▶ [What you have to do]: Return the data exactly, with all pictures removed.

▶ [Available data]:
_ _ _

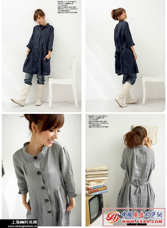 日系杂志推荐款的立领纽扣绑绳连身裙,大受欢迎的立领设计,大大的圆圆纽扣,将可爱感完全展现,U型的车线,搭配打褶,还有后绑绳抓出腰线,气质利落的穿搭风格很让人着迷喔!
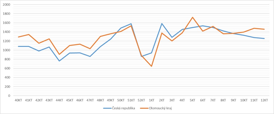 Evidované počty onemocnění Covid-19 v Olomouckém kraji v sezóně 2025/2026![]()
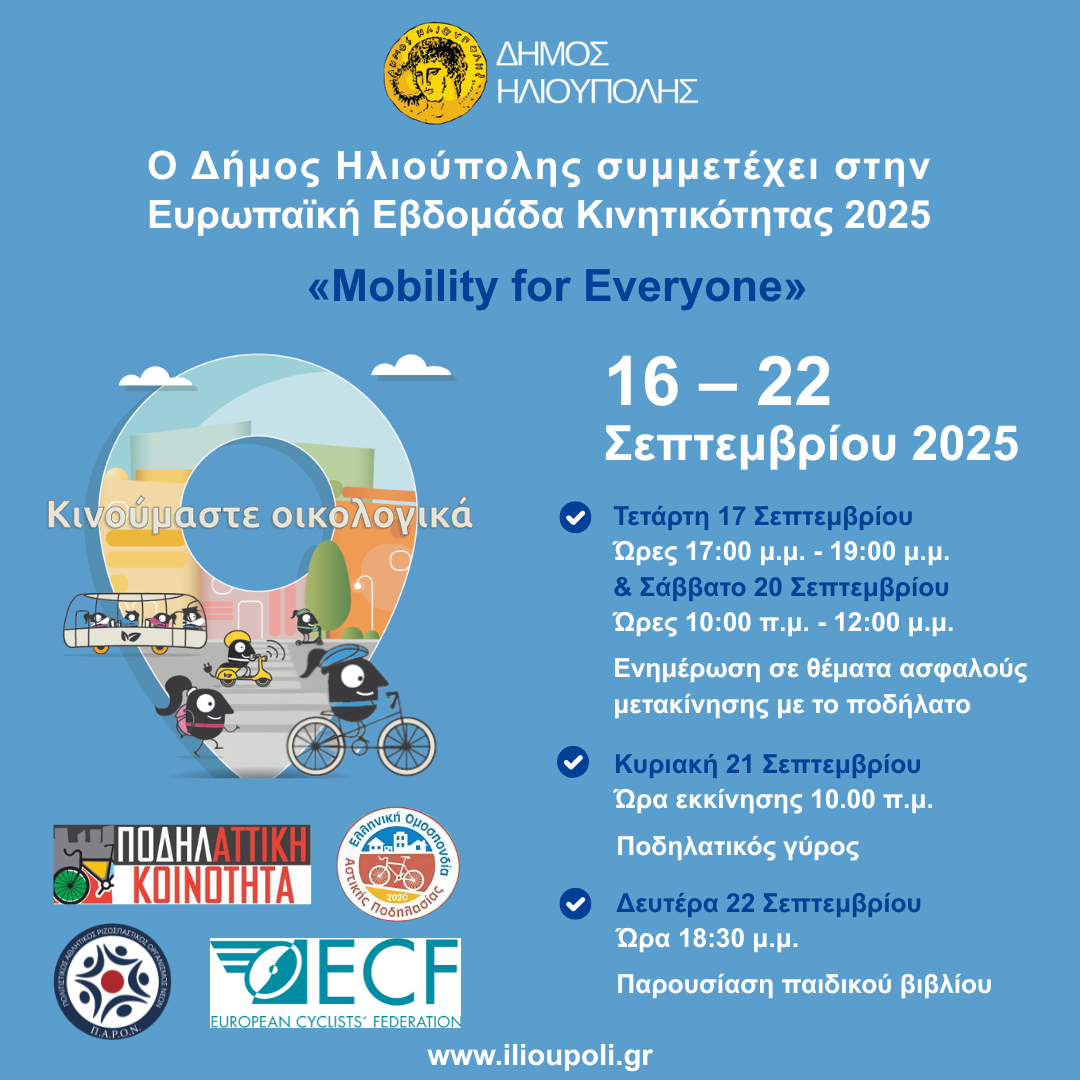 Ο Δήμος Ηλιούπολης συμμετέχει ενεργά στην «Ευρωπαϊκή Εβδομάδα Κινητικότητας 2025» με θέμα «Mobility for Everyone – Κινητικότητα για Όλους», διοργανώνοντας σε συνεργασία με την ΠοδηλΑΤΤΙΚΗ Κοινότητα και τον Πολιτιστικό Αθλητικό Οργανισμό ΠΑΡΟΝ και την υποστήριξη της Ελληνικής Ομοσπονδίας Αστικής Ποδηλασίας και της European Cyclists Federation, τις εξής δράσεις:

_ _ _

▶ [Answer below]:
 日系杂志推荐款的立领纽扣绑绳连身裙,大受欢迎的立领设计,大大的圆圆纽扣,将可爱感完全展现,U型的车线,搭配打褶,还有后绑绳抓出腰线,气质利落的穿搭风格很让人着迷喔!
 Evidované počty onemocnění Covid-19 v Olomouckém kraji v sezóně 2025/2026![]()
 Ο Δήμος Ηλιούπολης συμμετέχει ενεργά στην «Ευρωπαϊκή Εβδομάδα Κινητικότητας 2025» με θέμα «Mobility for Everyone – Κινητικότητα για Όλους», διοργανώνοντας σε συνεργασία με την ΠοδηλΑΤΤΙΚΗ Κοινότητα και τον Πολιτιστικό Αθλητικό Οργανισμό ΠΑΡΟΝ και την υποστήριξη της Ελληνικής Ομοσπονδίας Αστικής Ποδηλασίας και της European Cyclists Federation, τις εξής δράσεις:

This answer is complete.